17,048 WGHs are found in the 1,668 eukaryotic genomes. The top three phyla in the numbers of FACs are also top three in the numbers of WGHs; and 2,328, 5,444 and 5,171 WGHs are encoded in three phyla Arthropoda, Ascomycota and Streptophyta, respectively. The top four eukaryotic genomes in the numbers
of WGHs are from the phylum Streptophyta, and they are Oryza sativa sp japonica (Rice) (828 WGHs), Arabidopsis thaliana (Mouse-ear cress) (678 WGHs), Vitis vinifera (Grape) (602 WGHs) and Zea mays (Maize) (284 WGHs). It is interesting to observe that there are 272 and 224 WGHs in the human and mouse genomes, respectively. Besides two other plant genomes, i.e. Oryza sativa subsp. indica (Rice) (258 WGHs) and Physcomitrella patens
PD0325901 cell line sp patens (Moss) (226 WGHs), all the other 6 eukaryotic genomes encoding more than 200 WGHs are from the fungal phylum Ascomycota. No cellulosome components were identified in the eukaryotic genomes. 200 learn more (~73.53%) human WGHs are homologous to mouse WGHs with NCBI BLAST E-values < e-23. So the majority of these enzymes have been in the genomes of human and mouse at least before their divergence 75 million years ago [36]. Identified glydromes in metagenomes Overall, 63 FACs and 6,072 WGHs are found in 42 metagenomes except for TM7b which was sampled from the human mouth. The top two metagenomes in the numbers of glycosyl hydrolases are from termite guts (12 FACs and 1,150 WGHs) and diversa silage soil (13 FACs and 820 WGHs). Since the number of proteins in metagenomes varies from 452 in termite gut fosmids to 185,274 in the diversa silage soil, we calculated the percentage of the glycosyl hydrolases in each metagenome. On average, 0.65% of a metagenome encode glycosyl hydrolases. We noted that all the metagenomes with
more than 1% encoding glycosyl hydrolases are from the animal guts (including Progesterone human, mouse and termite).
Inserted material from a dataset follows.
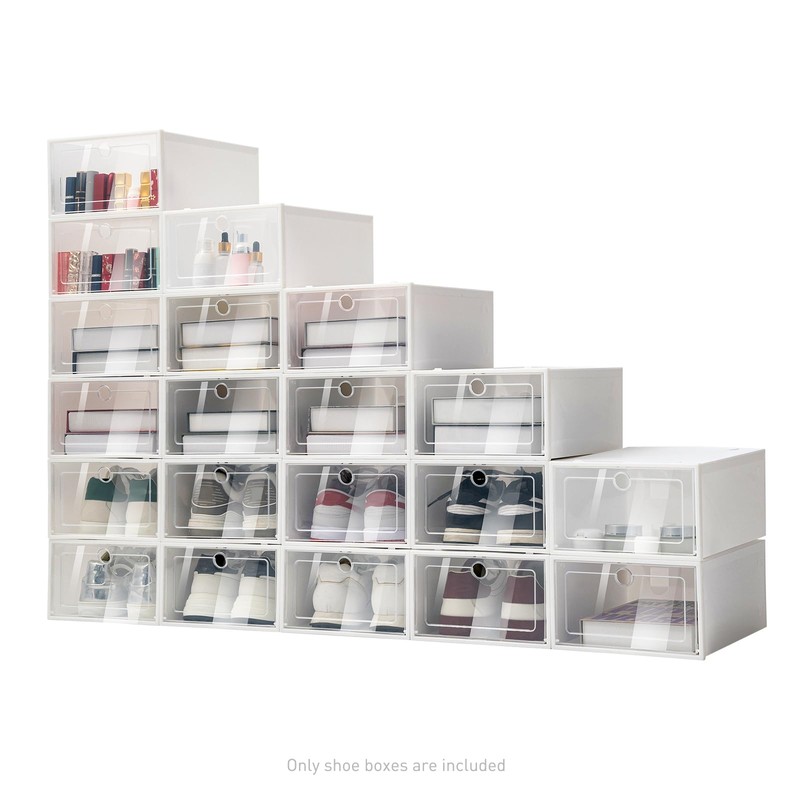 DIY Placement: These shoe boxes can be freely overlapped up and down and side to side according to your furniture arrangement and preference for space-saving and convenient storage.

This is confirmed by an independent study using BLAST mapping [37]. No cellulosome components were identified in any metagenome. Utility The query interface of GASdb All the annotated glydromes were organized into an easy-to-use database GASdb (Figure 2). A user can find the proteins of interest through browsing, and searching using keywords or BLAST. The overall organization of each glydrome can be displayed; and the high resolution images of each protein can be downloaded for the publication purpose, as shown in Figure 3. A user can also display the signal peptide and functional domains of a given protein and its homologs using BLAST with E-value cutoff 1e-20, as shown in Figure 3. Figure 2 The database interfaces: the main page, the browsing page, the searching page, and the BLAST page. Figure 3 The displaying pages for the domain architectures of the glydrome of Clostridium acetobutylicum , and domain architectures of the protein Clostridium acetobutylicum CelA and its homolog.